In Beinhardt’s The Deal Goes Down (Melville House, Aug.), PI Tony Casella is approached by a woman who wants him to kill her husband.

How did you come to create Cassella?

One day, I read two mysteries, and they were absolutely dreadful. And I said to myself, “Oh, wow. If I wrote a book, even if it was this bad, I could get paid.” And that was my inspiration. People who sit down to write a book and think it’s going to be just as good as Hemingway or Fitzgerald never get past their own first page. So I just found out what people paid for books and then broke that down into what I thought was a reasonable amount of time I could do it in.

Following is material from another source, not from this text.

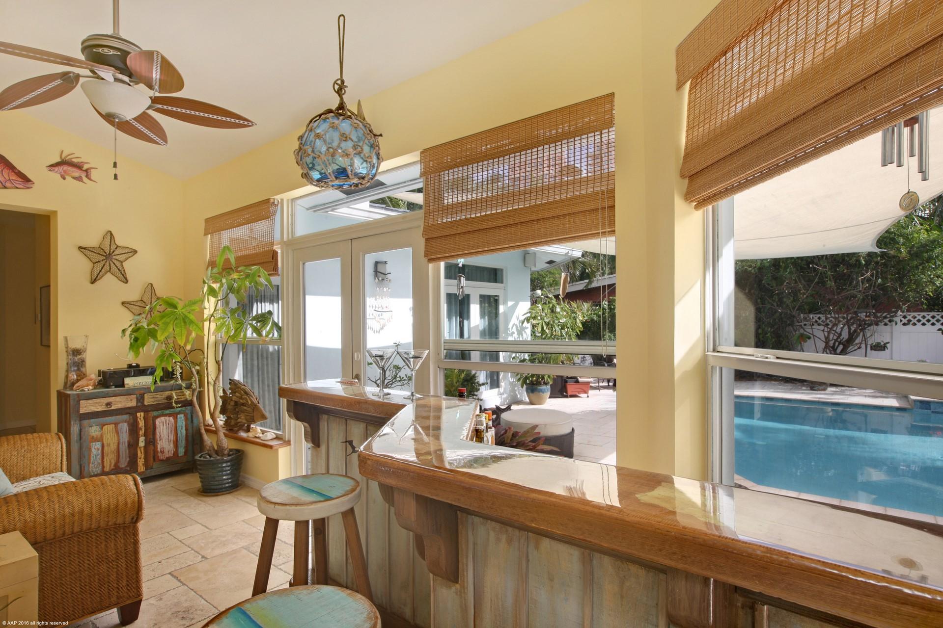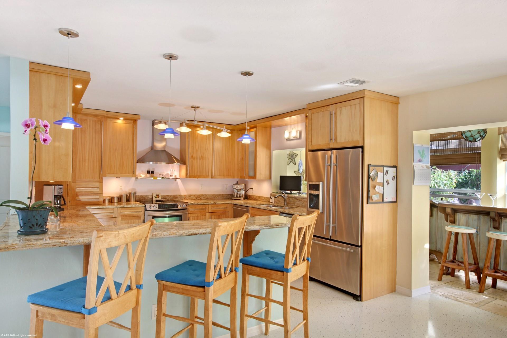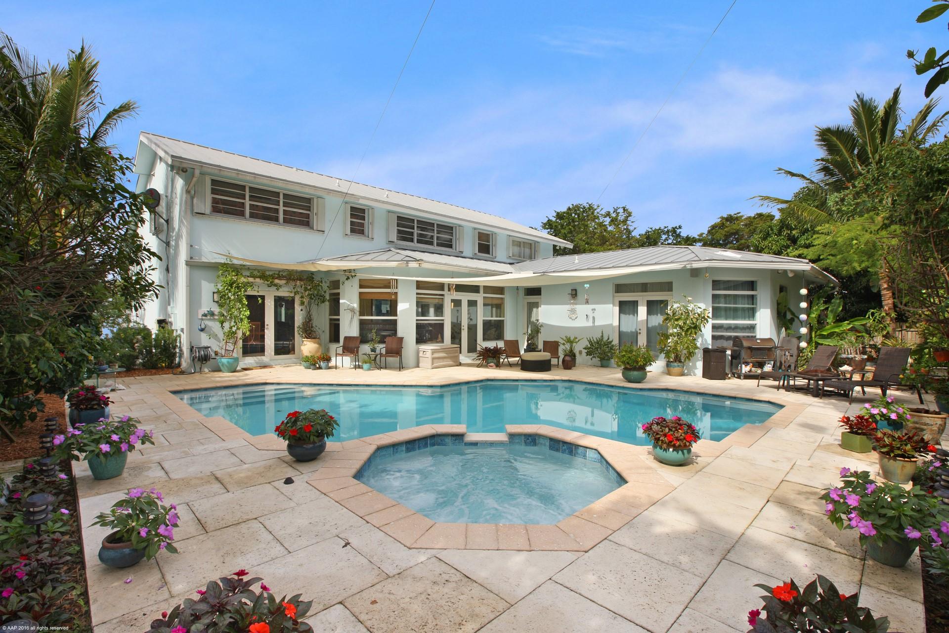 STEPS FROM THE BEACH! This immaculate four bedroom, four bath contemporary Key West style home is situated just steps away from beautiful Ft Lauderdale beach. The open and airy floor plan features 20 foot high Cyprus wood beam ceilings and beautifully renovated kitchen and baths with polished Havana Blue terrazzo floors throughout the main living areas. The top of the line kitchen has stainless steel Jenn-Air and Kitchen Aid appliances, granite countertops and solid birchwood, shaker style cabinets. The custom free floating birch and oak staircase with stainless steel railing and balustrade is like a work of art in the center of the home. French doors open to a keystone patio and a tropically landscaped garden surrounding an extra large salt pool with waterfall spa. Other features of the

I was very fond of Hammett, and asked myself, what would Sam Spade be like now—now being the 1970s.

When you started that first book, No One Rides for Free, had you envisioned a series?

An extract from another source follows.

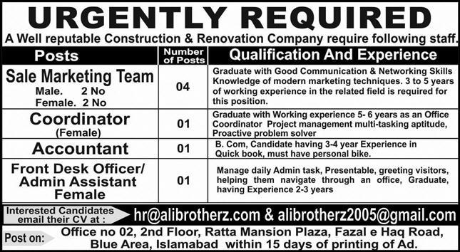 Construction & Renovation Company jobs advertisement dated about 28 July 2024 in daily Express Newspaper invites application for the vacant post of admin assistant, accountant, front desk officer, sales marketing team and coordinator in Islamabad, islamabad Islamabad Pakistan. Educational qualifications required Bachelor and Master etc.

No. In fact, I hated the idea of series. Series have limits. The lead characters never change. They never age. And so I didn’t like that artistically. But publishers want series. And I was too stupid to realize that, in the business model, they were right. In the end, I said okay.

This is your first Cassella novel since 1991. What led you to revive the character?

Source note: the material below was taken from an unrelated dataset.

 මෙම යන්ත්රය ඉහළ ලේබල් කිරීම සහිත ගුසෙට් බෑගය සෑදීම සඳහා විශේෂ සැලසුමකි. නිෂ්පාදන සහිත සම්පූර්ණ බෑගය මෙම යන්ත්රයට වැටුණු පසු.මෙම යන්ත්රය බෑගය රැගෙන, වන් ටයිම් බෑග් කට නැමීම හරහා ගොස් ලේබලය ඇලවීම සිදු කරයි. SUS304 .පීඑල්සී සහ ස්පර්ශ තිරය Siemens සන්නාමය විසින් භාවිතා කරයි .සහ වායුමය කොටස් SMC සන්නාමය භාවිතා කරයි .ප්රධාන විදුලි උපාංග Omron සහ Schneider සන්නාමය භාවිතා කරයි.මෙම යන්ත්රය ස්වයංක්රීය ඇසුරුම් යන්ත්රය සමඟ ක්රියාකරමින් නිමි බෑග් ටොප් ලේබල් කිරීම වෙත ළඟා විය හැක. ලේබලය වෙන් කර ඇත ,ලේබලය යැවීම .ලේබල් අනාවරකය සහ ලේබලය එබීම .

I just thought it’d be a really interesting thing to do. Take the guy, he’s 30 years older, in his 70s—what is he like now? The third book ended optimis- tically, with him returning to the States, after living in exile with his wife and baby. It was a time of hope for him—but, between then and this book, his wife and son have died. He doesn’t have a conscience at this point. So when somebody comes over and says, “Hey, could you kill somebody for me?,” he says, okay.

Is there an underlying theme for this series?

I want the books to be totally entertaining. But if you want to be serious about them, the subtext is a social history of American economics. This book is about a time in which the only value people have is money. There are no other values in this book. So, “let’s kill my husband, because I’d make more money killing him than from divorce.” And that’s the kind of world Casella’s living in. He’s in a world that is even more empty and cynical than he is.